Wait, what’s the problem with being more human?
The prioritisation of human-made content must surely be a good thing then – if Google’s AIs can use Reddit to learn how to be more human, to learn what is human, then surely, that is great strides away from a ‘Dead Internet?’ Yes, in one sense, but learning from Reddit also begets another set of moral quandaries of its own.
In May 2025, Google introduced a new artificial intelligence mode that more firmly embedded chatbot capabilities into its search engine. The ‘searching’ of a Google user is now essentially automated by an AI which (viewing all results simultaneously) presents users with the ‘best’ answer. Naturally – post Reddit data purchase – this chatbot also pulls answers direct from Reddit, Google’s favourite source of authoritative, human answers.
But therein lies the problem – since when did human mean authoritative? If Google is deciding who on Reddit to trust, it may follow those with the highest ‘Karma’, a points system, awarded by other users, that delineates authority and experience. Those with the highest Karma would display the highest ‘authority’ to an AI and therefore be entrusted with producing the most accurate responses.
But Karma isn’t specific to subject, Taylor Swift’s most diligent follower will likely have amassed masses of Karma for insightful posts on the superstar, but what if they are also an abysmal, yet enthusiastic, amateur car mechanic, engaged in countless subreddits, advising people that vegetable oil works the same as engine oil? Will an AI know to not trust them in one faculty, and yet trust them in another?

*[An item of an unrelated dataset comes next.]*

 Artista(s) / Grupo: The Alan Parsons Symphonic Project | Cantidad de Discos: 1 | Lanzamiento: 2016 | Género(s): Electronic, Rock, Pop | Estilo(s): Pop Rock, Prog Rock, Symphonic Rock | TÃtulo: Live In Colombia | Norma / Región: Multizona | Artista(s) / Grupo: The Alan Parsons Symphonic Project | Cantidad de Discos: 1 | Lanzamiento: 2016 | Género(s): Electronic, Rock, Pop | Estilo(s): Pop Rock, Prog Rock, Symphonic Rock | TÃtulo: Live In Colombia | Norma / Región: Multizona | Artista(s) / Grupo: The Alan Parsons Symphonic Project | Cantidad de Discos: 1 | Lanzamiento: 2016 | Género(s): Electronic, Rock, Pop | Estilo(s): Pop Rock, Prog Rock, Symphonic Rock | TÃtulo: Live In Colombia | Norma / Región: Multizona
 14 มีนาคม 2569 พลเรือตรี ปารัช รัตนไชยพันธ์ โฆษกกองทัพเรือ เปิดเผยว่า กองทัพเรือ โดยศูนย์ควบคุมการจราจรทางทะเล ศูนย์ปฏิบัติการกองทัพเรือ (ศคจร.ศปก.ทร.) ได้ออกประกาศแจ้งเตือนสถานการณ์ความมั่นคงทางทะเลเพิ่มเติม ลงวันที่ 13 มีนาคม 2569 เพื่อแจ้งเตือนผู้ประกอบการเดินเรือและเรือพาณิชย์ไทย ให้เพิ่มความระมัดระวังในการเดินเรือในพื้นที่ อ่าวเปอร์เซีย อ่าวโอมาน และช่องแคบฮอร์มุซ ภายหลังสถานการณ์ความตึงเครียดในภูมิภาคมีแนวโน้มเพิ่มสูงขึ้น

Moderators, you might retort, are authorities in charge of a Reddit page, and are able to filter out the disinformation, remind people that cooking oil is not motor oil. And this might be deemed an acceptable failsafe, if there was any qualification required to be a Reddit moderator, or any applicability of real-life experience. For all anyone knows, the moderation of a sub-reddit could quite easily have been outsourced to an AI – now that’s a ‘Dead Internet.’
So then, how to use Reddit for marketing?

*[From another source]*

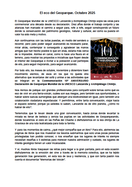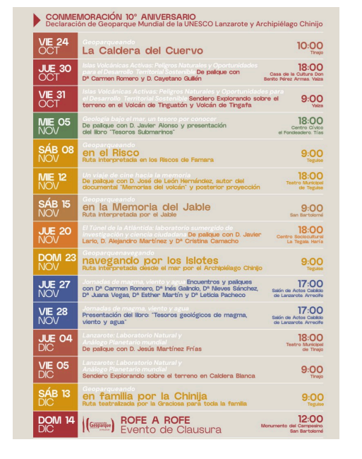 Por todo ello, los meses de octubre, noviembre y diciembre traen movimiento sísmico, de esos en los que no queda otra alternativa que levantarse del sofá y unirse a las actividades que se integran en la Conmemoración 10º ANIVERSARIO Declaración de Geoparque Mundial de la UNESCO Lanzarote y Archipiélago Chinijo.

Controversy aside, Reddit is now one of the most important tools for marketers and advertisers. We’re glad, relieved and a touch smug to say that our digital marketing team has been keeping an eye on the potential of using Reddit for marketing for a couple of years now, and we feel comfortably teed up ahead of what we’re pre-emptively coining ROC: Reddit-Optimised-Content.

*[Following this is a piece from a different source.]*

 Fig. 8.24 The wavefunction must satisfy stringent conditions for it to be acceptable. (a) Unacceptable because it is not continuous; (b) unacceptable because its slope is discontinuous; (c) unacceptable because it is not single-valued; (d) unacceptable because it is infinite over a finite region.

So, if you’re a brand or marketer new to this – wondering how to use Reddit for marketing – there is a decidedly single-minded way in which you can start using Reddit to your advantage, today. Quite plainly, our initial advice is to get involved. Start commanding a space for your brand within its relevant subreddits. If you’re selling a product primarily composed of coconut oil, immerse yourself in subreddits to do with cooking, of course, but also vegetarian cooking, vegan cooking, Malaysian cooking, Thai cooking. Become as specific and as involved as possible, become the authority, but above all else, remain recognisably human.
But if you’re truly invested in putting Reddit to better use for your brand, you’ll need a fully fleshed out strategy and implementation from a Reddit affiliated digital marketing business such as ourselves. Because if there’s anything to take away from this article, it’s that the true significance of Reddit – its new relevance as a social media platform which can be actively participated in, that ranks higher in search than any other, that can alter Google’s own AI model to indirectly promote a brand – isn’t something marketers can necessarily afford to let pass by.
And if you’re still asking the question: ‘is Reddit a good place to advertise?’ You can stop reading this article, right now, and simply type your question into Google instead – just make sure you take notice of where it finds its answer.